We are working in the callcenter, because, other than in catering, we get paid more than the minimum wage, which wouldn't even pay for a daily travelcard in London; because actually, we are busy with completely different projects, and we don't want to commit to a permanent job; because we don't have any formal qualifications beyond our multilinguality and our friendly telephone voices; or because we are new in London and can't sell the qualifications we might have.

"The callcenter is used as a stepping stone to whatever the individual who passes through doors is in between and going to."

Jasmin and Erdem from Germany have just finished studying law and are looking for a proper Job. Eduard from Ukraine is a business student and always turns up in a formal suit. Dean is teaching himself to make websites. Meanwhile, his work in the callcenter earns him more than his old job as social worker – and it is less stressful. Simon and Russel lost their well-paid jobs, because their companies folded. Sabrina wanted to get out of the provincial town in Germany, where she was trained as a clerk.

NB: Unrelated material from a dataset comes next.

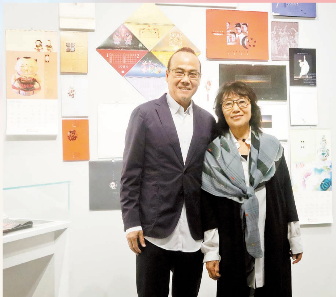
韓秉華和設計師及藝術家蘇敬儀合作無間，創作一系列月曆作品。

香港文化博物館即日起舉辦「迁想無界——韓秉華藝術與設計展」，展出著名本地設計師及藝術家韓秉華超過300組作品，包括公共空間的雕塑模型、海報、設計手稿和水墨畫等，向觀眾展示他的設計才華以及他在社會公益方面的貢獻，呈現其豐富多元的風格和無界創意。

"...whereas someone who was doing it as a proper job... it is not going to work."

However, some people are still with the same company after four years. Some have been promoted to supervisors, or are even hoping to get a permanent contract. After all, our managers have once started as interviewers as well...

 

Working Procedures

We are seated in 8 rows with 6 Terminals each. On both ends of this block of terminals, there is a supervisor. No matter where you sit, one of them always has her sights on your screen and on yourself. Neighbouring screens are arranged so that they are facing away from each other. If you want to talk to your neighbour, you have to turn around. Partitions between the screens opposite one another prevent us from seeing each other. But they don't prevent us from chatting through the partitions.

The callcenter does market research. More than 40 interviewers are calling companies to ask employees responsible for a certain area about their opinions and the practices of their companies. Only rarely do we have to call people at home, and we don't need to sell anything.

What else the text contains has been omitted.